Personalities who have shaped the history of Sri Lanka in recent years.

Chandrika Kumaratunga
President for two terms, first in 1994 and again in 1999, she had to give way to her prime minister, Mahinda Rajapakse, who, as head of the Sri Lanka Freedom Party, won elections last year. Kumaratunga, whose father 'SW' was the country's most celebrated president and mother Sirimavo, one of the world's first women presidents, pursued a dual strategy to tackle the Tiger insurgency - defeating them militarily while offering constitutional guarantees of autonomy to the Tamils.

Vellupillai Prabhakaran
As the elusive but ruthless leader of the Liberation Tigers of Tamil Eelam, he has fashioned a highly disciplined and gritty army from the ranks of the intellectual and agrarian Tamils. Revered as a freedom fighter by his people, he is seen by the rest of the world as a leader who brooks no opposition. The ban by the international community, which has dubbed the LTTE a terrorist organisation, is a huge blow both to his status and his ability to sustain and arm his guerrilla movement.

Junius Jayawardene
President and prime minister, known as JR, he became the country's first president after amending the constitution.
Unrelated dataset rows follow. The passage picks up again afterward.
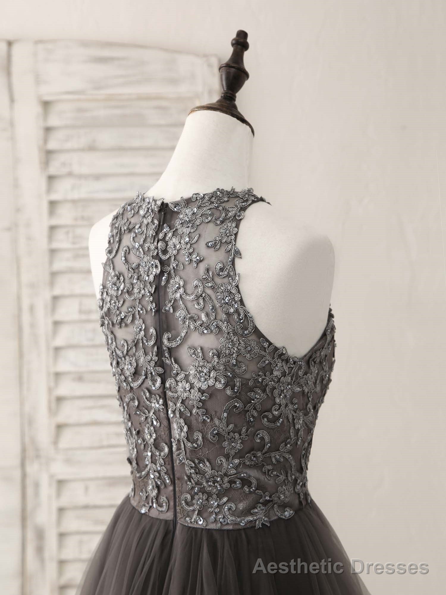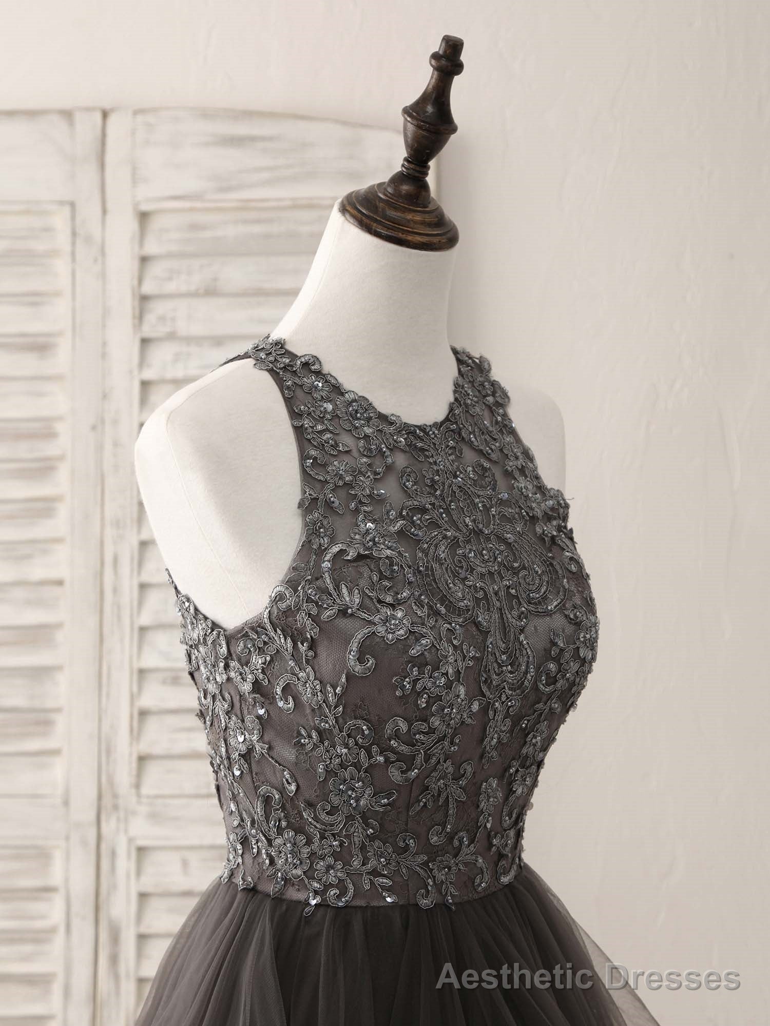 Unique Round Neck Lace Applique Tulle Long Prom Dresses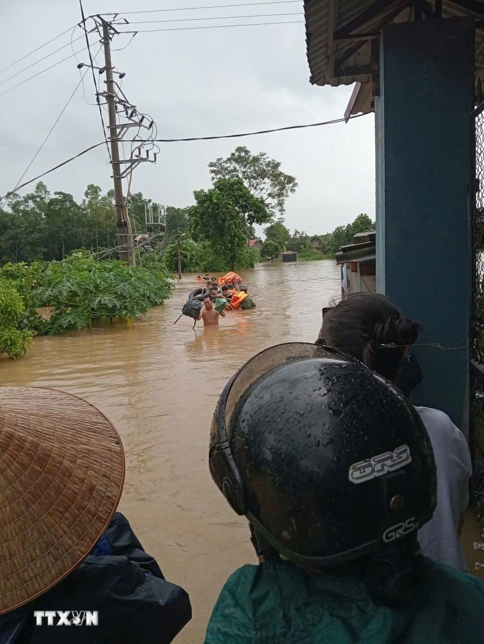 Lực lượng chức năng hỗ trợ nhân dân thôn Chẽ, xã Yên Thế sơ tán tài sản, vật nuôi, phòng tránh mưa bão. (Ảnh: TTXVN phát)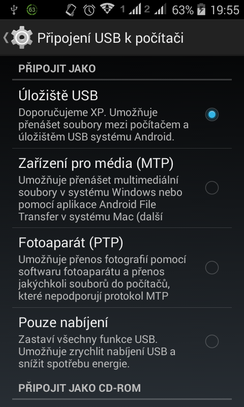 toto nastavení by se Vám mělo zobrazit po připojení k PC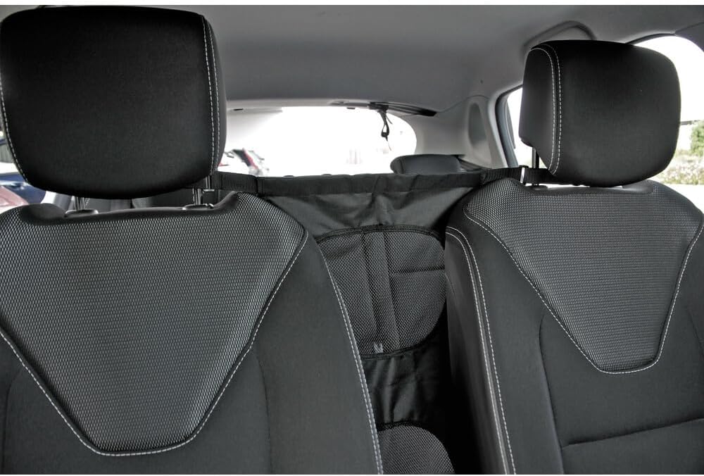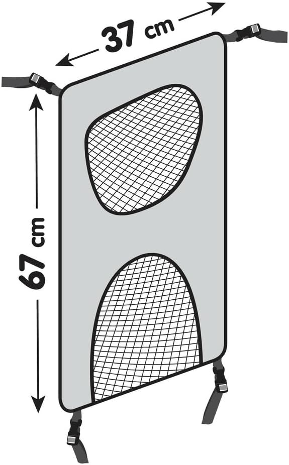 Size: 37x67 cm. Ideal for all car models. Prevent your dog from accessing the front seats of the vehicle as it prevents and dangers to driving. Installs between front and rear seats.Folds up and saves space.Attaches to headrests and car seats.

An implacable enemy of the Tigers, he is known to have allowed the Black July pogrom against Tamils in 1983 - the majority of them hapless civilians - that set the stage for the civil war that still rages on the island nation. He also signed the Indo-Sri Lanka peace accord that brought Indian troops into the country and promised devolution of power to Tamils. The accord fell apart after the Tigers rejected it and JR turned on his Indian ally.

Anil Wickremesinghe
The leader of the opposition, Ranil Wickremesinghe, as prime minister, pursued the only successful peace initiative with the Tamil Tigers which resulted in a landmark ceasefire agreement in 2001. Amid intense criticism from President Kumaratunga's party, the ceasefire came into force in 2003 and held until hostilities following the election of SLFP leader President Mahinda Rajapakse.

Mahinda Rajapakse
He will go down in history as the man who became the first non-Bandaranaike to be named president of the SLFP. But as a staunch ultra-nationalist, Rajapakse is also seeking to re-write history in other ways by pushing the Tigers to the wall militarily and whittling down the size of their homeland. Critical of the concessions made by opposition leader Ranil Wickremesinghe, he is backed by the Buddhist clergy, the communist Janata Vimukta Perumana and much of the Sinhalese majority, in his strategy of using overwhelming force against the Tigers while mouthing the mantra of autonomy.